UVU’s proposal is under “second tier tuition,” the tuition plan individual schools make after the state’s decision. Given the expected cut from state legislature, the university has to look to other sources to make up for the shortage, in this case, the students.

“We can’t afford to be cut anymore,” Holland said. “We can’t cut faculty. I think we’re one of the leanest institutions in the state.”

The lean financial state directly contrasts the school’s leap in growth over the past six years. Due to that growth, the school would like to bring in more faculty to accommodate the increasingly large student body. Instead, they are faced with trying to save what faculty they have in the face of a decreasing budget.

According to Holland, the school’s professors have not received raises of any sort over the past three years. While their wages have remained static, their medical insurance premiums are going to increase.

The situation is less than ideal for college professors, who may look elsewhere for more financially secure settings, leaving UVU too few teachers overall and settling for adjunct teachers.

“Many of our adjuncts are very fine teachers, but they don’t come with the latest training and experience,” Holland said. “We need more salaried, full-time, Ph.D-credentialed faculty.”

With the state taking away money to gain such faculty, the responsibility will lie on students to help provide for them.

When asked what difference it would make to students who attend classes, go straight home and never see the backstage workings of the college, Holland laid out what would happen if tuition rates remained the same.

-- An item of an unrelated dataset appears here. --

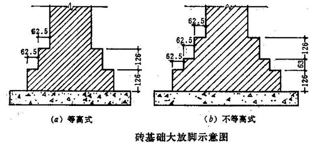 1)带形砖基础。带形砖基础通常有:等高式和不等高式两种大放脚砌筑方法,如图所示,

“If we just cut and we don’t have any way to compensate for that, then we would, say, have to let some people go in One Stop, or we’d have to cut out a program, or we would have to draw back on the employment center,” Holland said.

Holland followed that by stating the consequences of such actions. Longer waits at One-Stop, the unavailability of classes needed to graduate due to faculty shortages, lack of staff to help students with financial aid and a malcontent faculty were chief among them.